General characteristics (as U.S. Navy ocean surveillance ship)
- Class & type: Stalwart-class ocean surveillance ship
- Displacement: 1,565 tons (light) 2,535 tons (full)
- Length: 224 ft (68 m)
- Beam: 43 ft (13 m)
- Draft: 15 ft (4.6 m)
- Propulsion: Diesel-electric, two shafts, 1,600 hp (1,193 kW)
- Speed: 11 knots (20 km/h; 13 mph)
- Complement: 33 (15 U.S. Navy personnel, 18 merchant mariners)

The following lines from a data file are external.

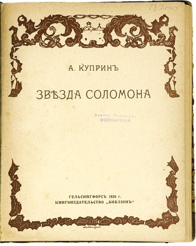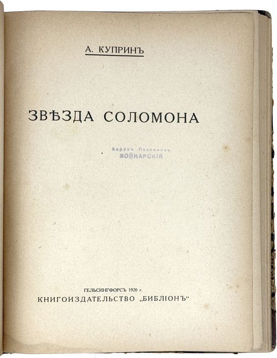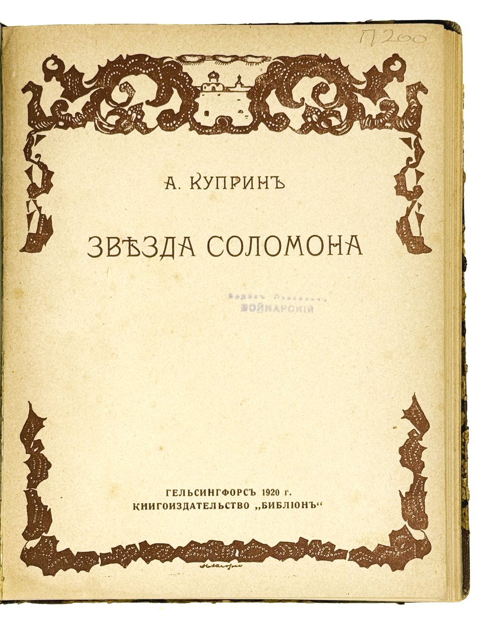 Куприн А. Звезда Соломона. Гельсингфорс: Библион, 1920.
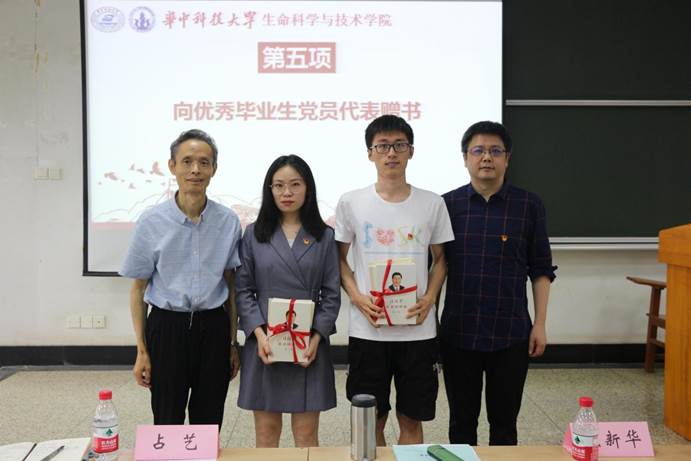 在党课的最后,还举行了向优秀毕业生党员代表赠书活动和重温入党誓词仪式,党员代表畅杰带领全体党员重温入党誓词,面对党旗,庄严宣誓。生命学院2021届毕业生党员最后一节党课在声声铿锵有力的誓言中结束。
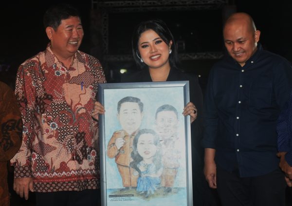 Pada kesempatan ini pula, Bupati bersama Forkopimda menyerahkan lukisan karikatur. Tampak di lukisan tersebut, terdapat Shabrina beserta Bupati dan Wakil Bupati Beltim, Khairil Anwar. (Yohanes korankpk)

General characteristics (as NOAA fisheries research ship)
- Class & type: ex-Stalwart-class fisheries research ship
- Tonnage: 1,486 GT; 786 deadweight tons;
- Displacement: 1,652 tons light; 2,301 tons full load;
- Draft: 19.6 ft (6.0 m) (maximum)
- Depth: 22 ft (6.7 m)
- Propulsion: Diesel-electric, 904 tons fuel
- Speed: 11.0 knots (20 km/h) (emergency); 10 knots (19 km/h) (cruising);
- Range: 17,487 nautical miles (32,386 km)
- Endurance: 60 days
- Boats & landing craft carried: 1 × 22 ft (6.7 m) rescue boat; 2 × 17 ft (5.2 m) RHIBs; 3 × 18 ft (5.5 m) inflatable boats;
- Complement: 22 (5 NOAA Corps officers, 3 licensed engineers, and 14 other crew members), plus up to 20 scientists

= USNS Adventurous =

USNS Adventurous (T-AGOS-13) was a Stalwart-class modified tactical auxiliary general ocean surveillance ship of the United States Navy in service from 1988 to 1992. She was in non-commissioned service in the Military Sealift Command from 1988 to 1992, operating during the final years of the Cold War. She was transferred to the National Oceanic and Atmospheric Administration (NOAA) in 1992 and in 2003 was commissioned into service with NOAA as the fisheries research ship NOAAS Oscar Elton Sette (R 335).

== Construction ==

The U.S. Navy awarded the contract to build Adventurous to VT Halter Marine, Inc., on April 5, 1985. She was laid down on at VT Halter Marine's shipyard at Moss Point, Mississippi, on December 19, 1985, and launched on September 23, 1987. VT Halter Marine delivered her to the Navy on August 19, 1988.

== U.S. Navy service ==

The U.S. Navy placed the ship in non-commissioned service with the Military Sealift Command upon delivery as USNS Adventurous (T-AGOS-13). Designed to collect underwater acoustical data in support of anti-submarine warfare operations, Adventurous spent the final years of the Cold War towing sonar equipment to hunt for Soviet Navy submarines. She operated with a mixed crew of Navy personnel and civilian merchant mariners.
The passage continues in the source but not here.